── DATA EXTRACTS ──

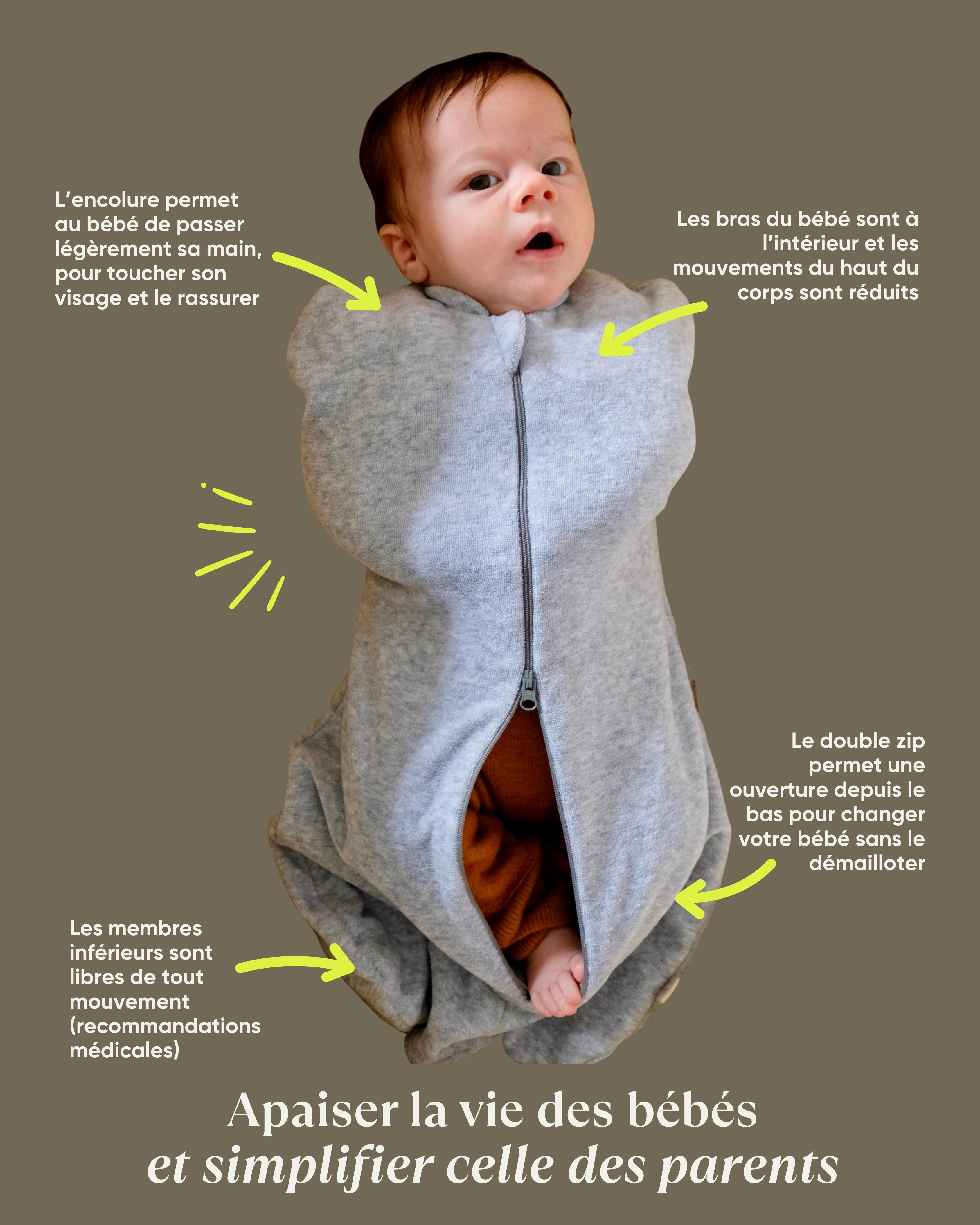 Fruit d'un long travail de développement, nos emmailloteuses sont conçues pour apporter à vos bébés un véritable cocon de douceur et d'apaisement
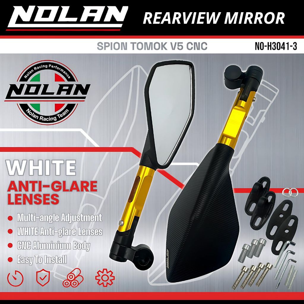 HIGSEA STORE NOLAN Spion V5 H3041-3 Kaca Putih Bahan Full Aluminium Alloy Universal Motor
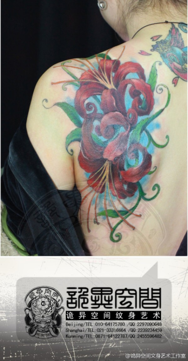 背部彼岸花纹身分享_后背纹身图案大全_纹身图吧
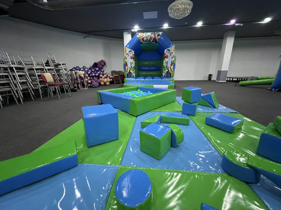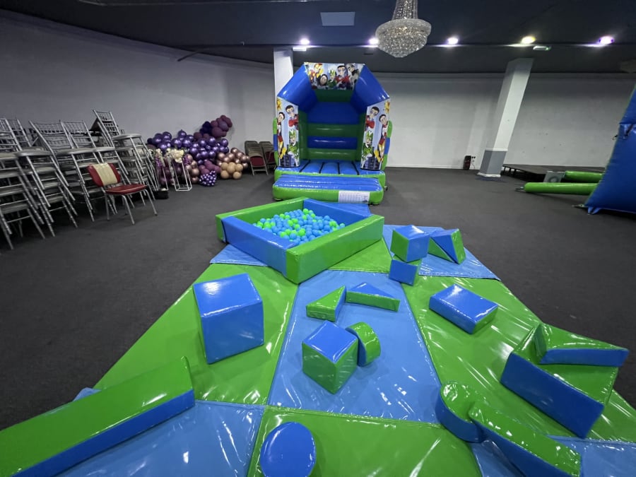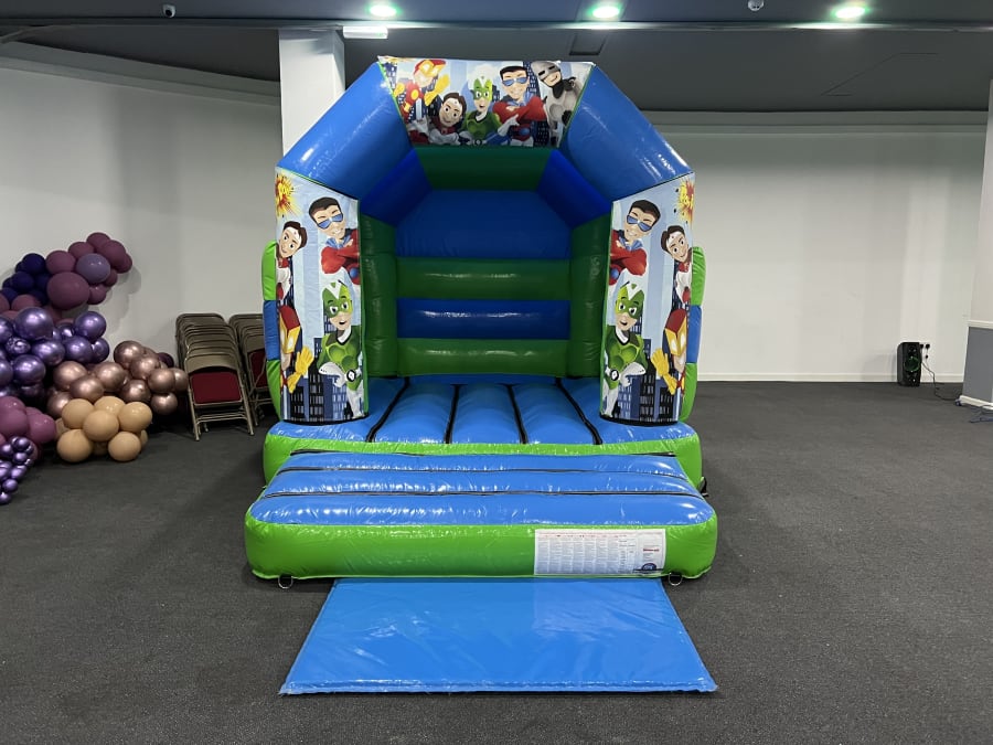 Superheroes Soft Play Bouncy Castle Juniors Package - Green / Light Blue
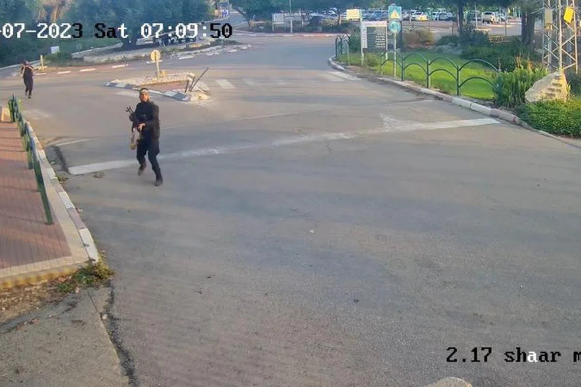 An armed man runs while aiming his gun during Hamas's Oct 7 attack, in a screen grab of footage from a surveillance camera.

───

### TASK
Take the lines from the one holding "背部彼岸花纹身分享_后背纹身图案大全_纹身图吧" through the last line of the data above and copy them exactly, both ends included, omitting all pictures.

### WORKED SOLUTION
 背部彼岸花纹身分享_后背纹身图案大全_纹身图吧
 Superheroes Soft Play Bouncy Castle Juniors Package - Green / Light Blue
 An armed man runs while aiming his gun during Hamas's Oct 7 attack, in a screen grab of footage from a surveillance camera.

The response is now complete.